Optimum bone grafts have three prerequisites, namely, compatibility with the surrounding tissue, controllable degradation rate, and proper porosity to protect the healing space and allow cell migration and blood vessel ingrowth35,36,37. The cell seeding experiment in this study showed that the porous IMC had an excellent biocompatibility and was suitable for minipig PDLSC attachment and proliferation. To achieve maximum bone generation, we should balance both degradation rate and healing time. After 12 weeks of implantation, the IMC almost degraded and facilitated an abundant new bone ingrowth, while numerous undegraded HA inhibited bone healing and normal bone architecture formation. Although HA, as a main inorganic component of natural bone, seems to be an ideal bone graft, its uncontrollable degradation rate remains a challenge11, 38. The HA remnants also increased the volume and mineral density of the regenerated area evaluated by CT, thereby underscoring the importance of histological analysis for assessing new bone formation. Observing the bone regeneration potential of IMC and the degradation rate of HA requires a longer time in our future study. Other criteria for porous scaffolds include porosity and pore interconnectivity to allow cell infiltration and vascularization39. The optimal pore size for new bone ingrowth ranges between 100 microns and 400 microns40. The IMC has a proper pore size of 148.2 ± 46.5 μm and a more interconnective space than HA, both of which can lead to vascular tissue ingrowth in the IMC group.

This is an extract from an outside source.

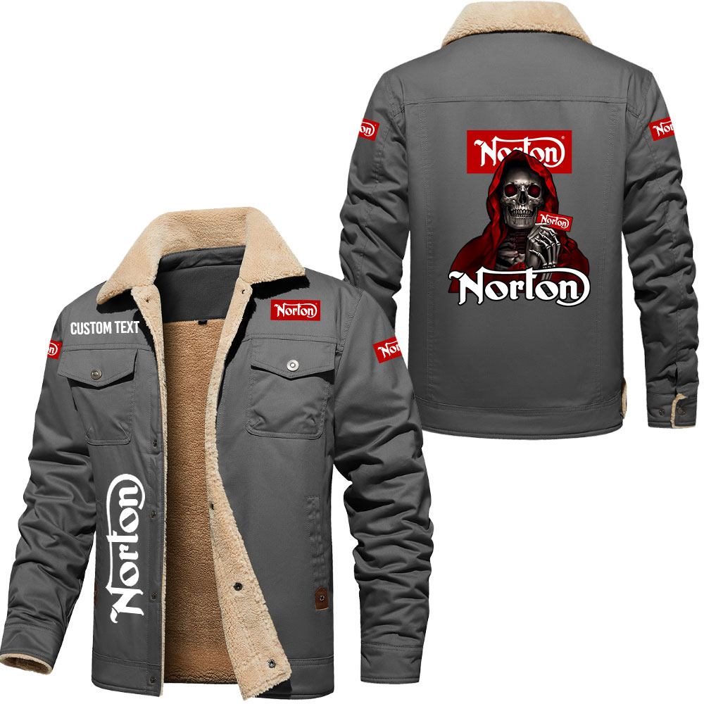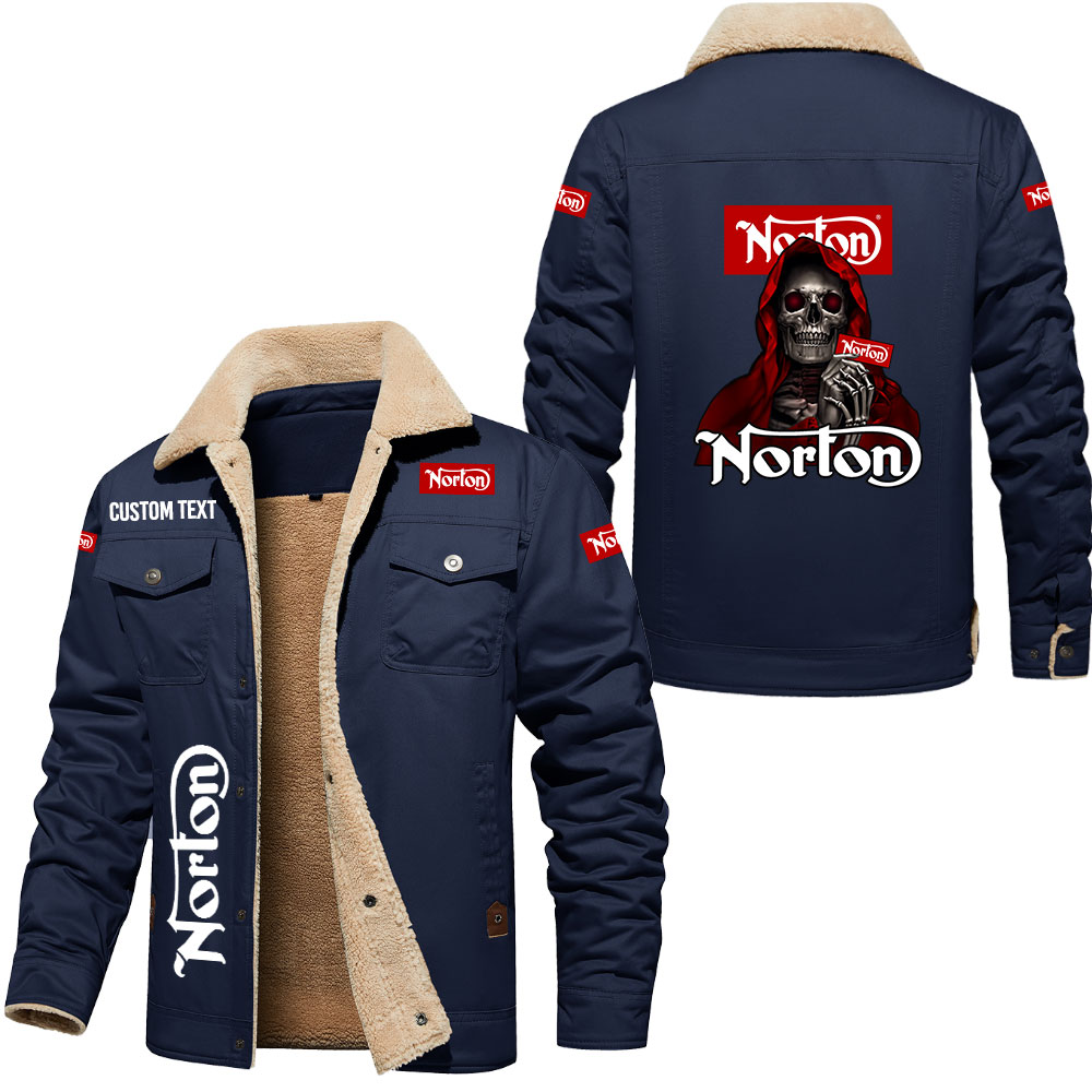 Norton Motorcycle Skull Art Print Custom Name Cargo Fleece Lined Cotton Jacket

Bone regeneration is essentially a process of ECM formation and mineralization41. Coaxing appropriate cell-material interactions toward new bone regeneration is a basic premise of biomaterials in tissue engineering. In this study, we demonstrated that the physical and chemical properties of scaffolds could affect the ECM secretion of seeded cells. Limited ECM with calcium nodules was formed on the surface of those cells that were seeded on the inorganic HA scaffold. By contrast, those cells seeded on the IMC composite secreted large amount of membrane-bound matrix vesicles with abundant cell-cell junctions, that resembled the matrix production process of bone formation in vivo 42. The active ECM secretion in vitro may further contribute to bone regeneration in vivo. The increased expression of Runx2 and Osx during the bone regeneration process reflects the osteoinductive potential of IMC, which activates more bone-forming cells. TGF-β1 is an important transcription factor for regulating ECM formation and mineralization43. The increased expression of TGF-β1 in the IMC group suggests the involvement of the TGF-β1 signaling pathway in the formation of mineralized ECM as induced by IMC.

Conclusions

This study is the first to use biomimetic IMC in combination with autologous PDLSCs for the regeneration of large bone defects in minipigs. Compared with HA, IMC achieved a significantly higher extent of forming new bones, with the normal architecture of natural bones and blood vessels. The new bones generated in the IMC group also showed the similar nanostructure and nanomechanics to natural bones. Therefore, IMC presents a great potential for treating large bone defects in the future.